* Stored data
- - - - -

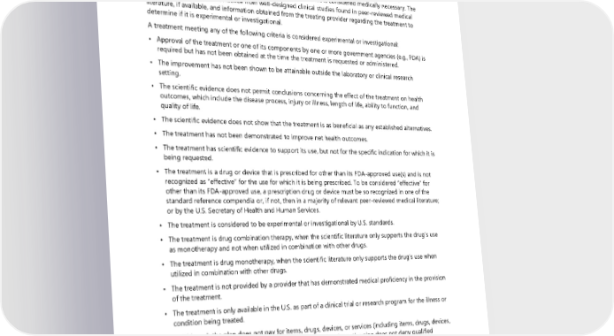 Experimental or investigational Experimental or investigational means any treatment that is not recognized by the plan as conforming to standard medical care for the condition, disease, illness, or injury being treated. ”Treatment” in this setting may include any intervention, therapy, procedure, facility, equipment, drug usage, device, service, supply, intervention, biologic product or drug (prescription or nonprescription). Experimental and investigational treatments are not covered, even if the treatment is considered medically necessary. The plan will review scientific evidence from well-designed clinical studies found in peer-reviewed medical literature, if available, and information obtained from the treating provider regarding the treatment to determine if it is experimental or investigational. A treatment meeting any of the following criteria is considered experimental or investigational: • Approval of the treatment or one of its components by one or more government agencies (e.g., FDA) is required but has not been obtained at the time the treatment is requested or administered. • The improvement has not been shown to be attainable outside the laboratory or clinical research setting. • The scientific evidence does not permit conclusions concerning the effect of the treatment on health outcomes, which include the disease process, injury or illness, length of life, ability to function, and quality of life. • The scientific evidence does not show that the treatment is as beneficial as any established alternatives. • The treatment has not been demonstrated to improve net health outcomes. • The treatment has scientific evidence to support its use, but not for the specific indication for which it is being requested. • The treatment is a drug or device that is prescribed for other than its FDA-approved use(s) and is not recognized as “effective” for the use for which it is being prescribed. To be considered “effective” for other than its FDA-approved use, a prescription drug or device must be so recognized in one of the standard reference compendia or, if not, then in a majority of relevant peer-reviewed medical literature; or by the U.S. Secretary of Health and Human Services. • The treatment is considered to be experimental or investigational by U.S. standards. • The treatment is drug combination therapy, when the scientific literature only supports the drug’s use as monotherapy and not when utilized in combination with other drugs. • The treatment is drug monotherapy, when the scientific literature only supports the drug’s use when utilized in combination with other drugs. • The treatment is not provided by a provider that has demonstrated medical proficiency in the provision of the treatment. • The treatment is only available in the U.S. as part of a clinical trial or research program for the illness or condition being treated. ▪ Although the plan does not pay for items, drugs, devices, or services (including items, drugs, devices, or services provided in a clinical trial) for investigational use, the plan does not deny qualified individuals from participating in approved clinical trials. The terms “qualified individual” and “approved clinical trial” are defined in 42 U.S.C. §300gg-8. If a qualified individual is participating in an approved clinical trial, the plan will not deny, limit, or impose additional conditions on the coverage for routine patient costs for items and services furnished in connection with participation in the trial and will not discriminate against the individual on the basis of the individual’s participation in such trial. The plan will apply its standard terms and conditions for routine patient costs for items and services furnished in connection with participation in the trial. 174 2024 UMP Plus–PSHVN (PEBB) Certificate of Coverage
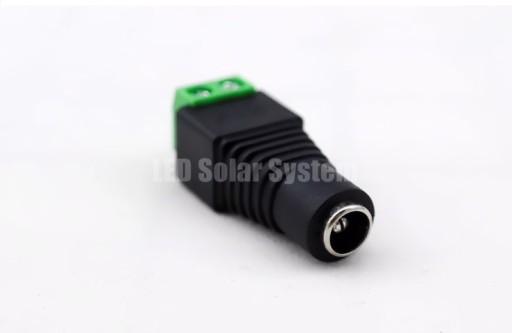 Podstawowe parametry: gniazdo DC 2.1/5.5 - kompatybilne z akcesoriami LED, bez przewodu, oznaczony plus, do 50V, dopuszczalna temperatura pracy do 70'C, śruby do montażu przewodu.
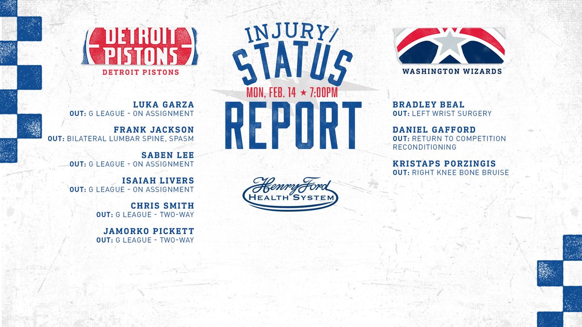 Tonight’s @HenryFordNews injury/status report against the Washington Wizards
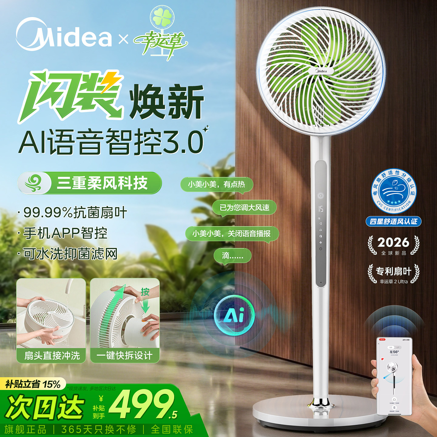美的空气循环扇幸运草家用电风扇卧室大风力音静语音26新款2Ultra
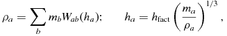 h_{a} = h_{\rm fact} n_{a}^{-1/3} = h_{\rm fact} \left( \frac{m_{a}}{\rho _{a}} \right)^{1/3},
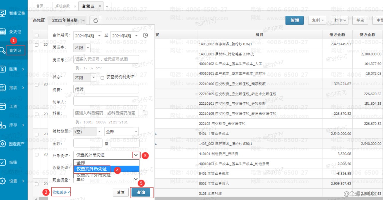 进账套后点击【查凭证】,再点击筛选条件中的更多条件,在外币凭证框中点击倒角符号,选择仅查外币凭证后点击查询,即可以查看到账套录入的外币凭证
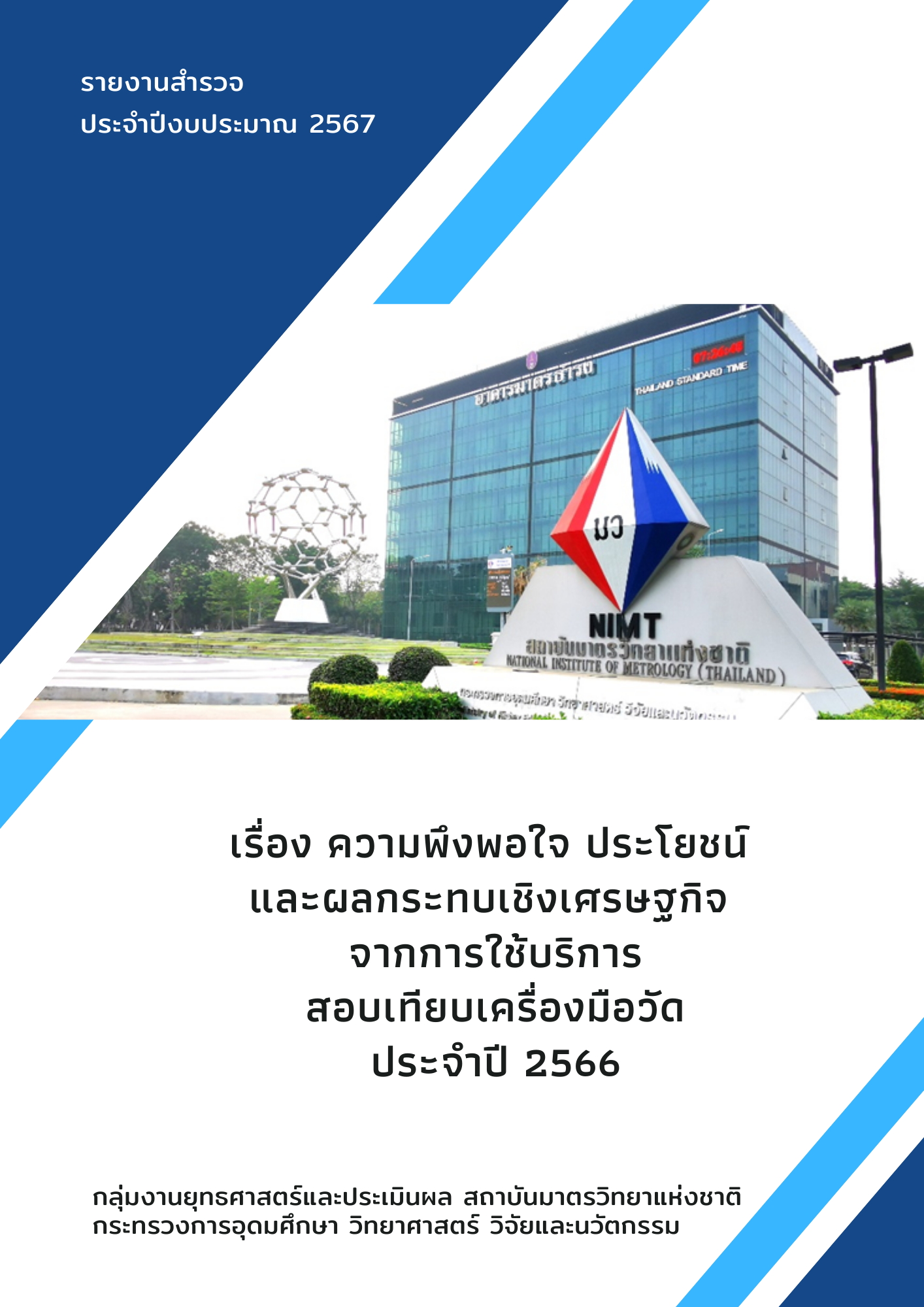 รายงานผลสำรวจ ประจำปีงบประมาณ 2567 เรื่อง ความพึงพอใจ ประโยชน์และผลกระทบเชิงเศรษฐกิจ จากการใช้บริการสอบเทียบเครื่องมือวัดกับสถาบันมาตรวิทยาแห่งชาติ ประจำปี 2566
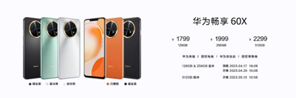 在价格方面,华为畅享60X8+128GB 售价1799元;8+256GB 售价1999元;8+512GB 售价 2299 元,4月26日10点08分正式开售,512GB版本5月13日10点08分开售。首销前全款预定优惠50元,各个线上平台均有不同购机优惠,赶紧锁定这波首销优惠,冲就对了!
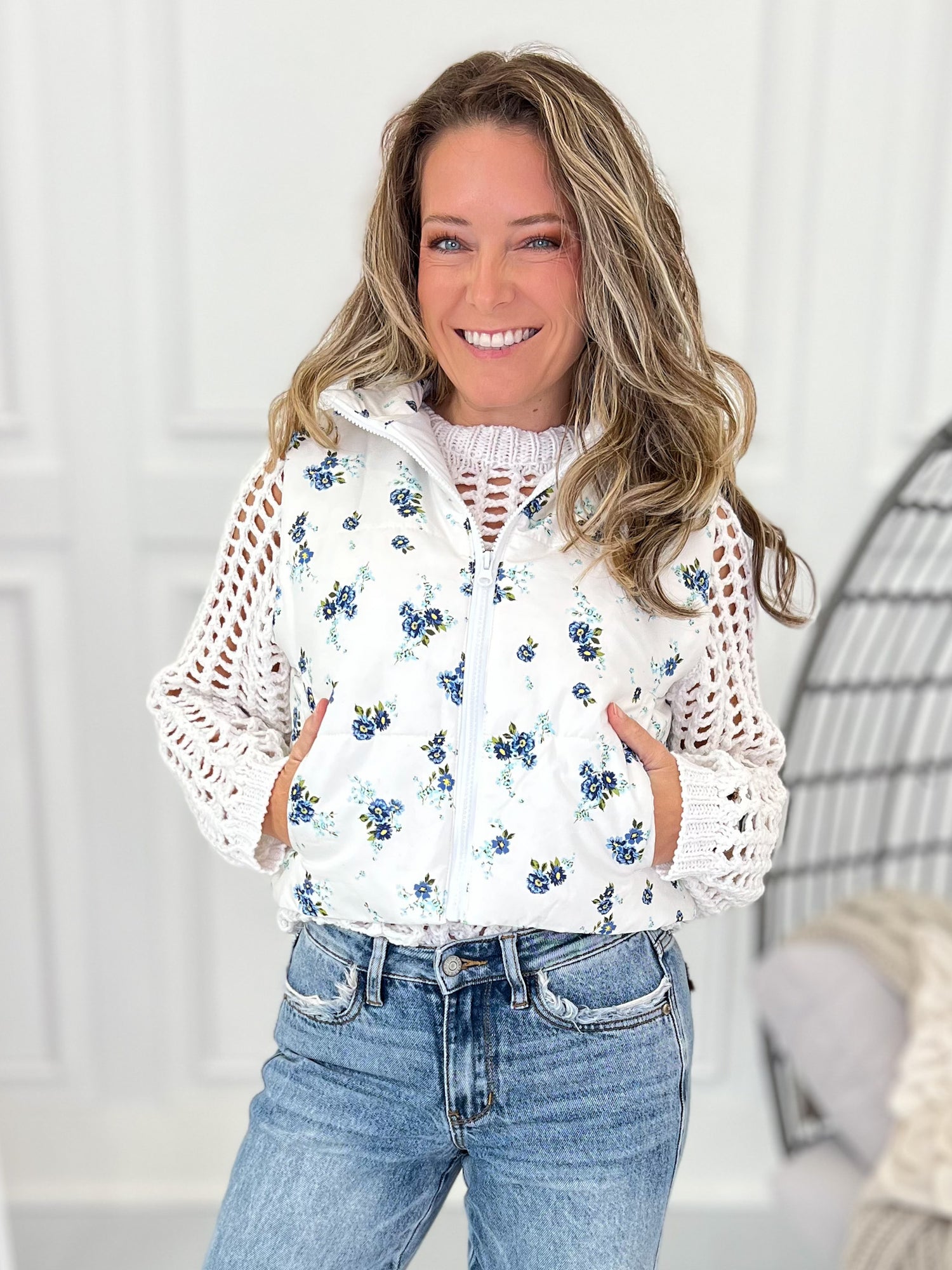 You’re going to fall hard for this dainty floral puffer vest—it’s the perfect mix of cozy and cute. The lightweight padding keeps you warm without overheating, and the soft inner lining feels so good you’ll never want to take it off. Pairs beautifully with long sleeves, sweaters, or thermals for a casual yet put-together vibe.
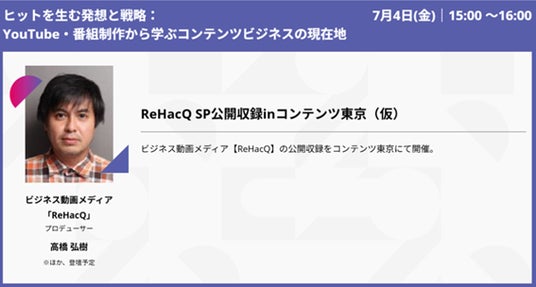149万人の登録者を誇るビジネス動画メディア【ReHacQ】の公開収録をコンテンツ東京にて開催!高橋弘樹プロデューサーがゲストを迎え、急速に変化する日本のコンテンツビジネスの現在地と未来を語り合います。

- - - - -

* What is expected
Print each record exactly as it stands, omitting the pictures.

* Response to the task
 Experimental or investigational Experimental or investigational means any treatment that is not recognized by the plan as conforming to standard medical care for the condition, disease, illness, or injury being treated. ”Treatment” in this setting may include any intervention, therapy, procedure, facility, equipment, drug usage, device, service, supply, intervention, biologic product or drug (prescription or nonprescription). Experimental and investigational treatments are not covered, even if the treatment is considered medically necessary. The plan will review scientific evidence from well-designed clinical studies found in peer-reviewed medical literature, if available, and information obtained from the treating provider regarding the treatment to determine if it is experimental or investigational. A treatment meeting any of the following criteria is considered experimental or investigational: • Approval of the treatment or one of its components by one or more government agencies (e.g., FDA) is required but has not been obtained at the time the treatment is requested or administered. • The improvement has not been shown to be attainable outside the laboratory or clinical research setting. • The scientific evidence does not permit conclusions concerning the effect of the treatment on health outcomes, which include the disease process, injury or illness, length of life, ability to function, and quality of life. • The scientific evidence does not show that the treatment is as beneficial as any established alternatives. • The treatment has not been demonstrated to improve net health outcomes. • The treatment has scientific evidence to support its use, but not for the specific indication for which it is being requested. • The treatment is a drug or device that is prescribed for other than its FDA-approved use(s) and is not recognized as “effective” for the use for which it is being prescribed. To be considered “effective” for other than its FDA-approved use, a prescription drug or device must be so recognized in one of the standard reference compendia or, if not, then in a majority of relevant peer-reviewed medical literature; or by the U.S. Secretary of Health and Human Services. • The treatment is considered to be experimental or investigational by U.S. standards. • The treatment is drug combination therapy, when the scientific literature only supports the drug’s use as monotherapy and not when utilized in combination with other drugs. • The treatment is drug monotherapy, when the scientific literature only supports the drug’s use when utilized in combination with other drugs. • The treatment is not provided by a provider that has demonstrated medical proficiency in the provision of the treatment. • The treatment is only available in the U.S. as part of a clinical trial or research program for the illness or condition being treated. ▪ Although the plan does not pay for items, drugs, devices, or services (including items, drugs, devices, or services provided in a clinical trial) for investigational use, the plan does not deny qualified individuals from participating in approved clinical trials. The terms “qualified individual” and “approved clinical trial” are defined in 42 U.S.C. §300gg-8. If a qualified individual is participating in an approved clinical trial, the plan will not deny, limit, or impose additional conditions on the coverage for routine patient costs for items and services furnished in connection with participation in the trial and will not discriminate against the individual on the basis of the individual’s participation in such trial. The plan will apply its standard terms and conditions for routine patient costs for items and services furnished in connection with participation in the trial. 174 2024 UMP Plus–PSHVN (PEBB) Certificate of Coverage
 Podstawowe parametry: gniazdo DC 2.1/5.5 - kompatybilne z akcesoriami LED, bez przewodu, oznaczony plus, do 50V, dopuszczalna temperatura pracy do 70'C, śruby do montażu przewodu.
 Tonight’s @HenryFordNews injury/status report against the Washington Wizards
美的空气循环扇幸运草家用电风扇卧室大风力音静语音26新款2Ultra
 h_{a} = h_{\rm fact} n_{a}^{-1/3} = h_{\rm fact} \left( \frac{m_{a}}{\rho _{a}} \right)^{1/3},
 进账套后点击【查凭证】,再点击筛选条件中的更多条件,在外币凭证框中点击倒角符号,选择仅查外币凭证后点击查询,即可以查看到账套录入的外币凭证
 รายงานผลสำรวจ ประจำปีงบประมาณ 2567 เรื่อง ความพึงพอใจ ประโยชน์และผลกระทบเชิงเศรษฐกิจ จากการใช้บริการสอบเทียบเครื่องมือวัดกับสถาบันมาตรวิทยาแห่งชาติ ประจำปี 2566
 在价格方面,华为畅享60X8+128GB 售价1799元;8+256GB 售价1999元;8+512GB 售价 2299 元,4月26日10点08分正式开售,512GB版本5月13日10点08分开售。首销前全款预定优惠50元,各个线上平台均有不同购机优惠,赶紧锁定这波首销优惠,冲就对了!
 You’re going to fall hard for this dainty floral puffer vest—it’s the perfect mix of cozy and cute. The lightweight padding keeps you warm without overheating, and the soft inner lining feels so good you’ll never want to take it off. Pairs beautifully with long sleeves, sweaters, or thermals for a casual yet put-together vibe.
149万人の登録者を誇るビジネス動画メディア【ReHacQ】の公開収録をコンテンツ東京にて開催!高橋弘樹プロデューサーがゲストを迎え、急速に変化する日本のコンテンツビジネスの現在地と未来を語り合います。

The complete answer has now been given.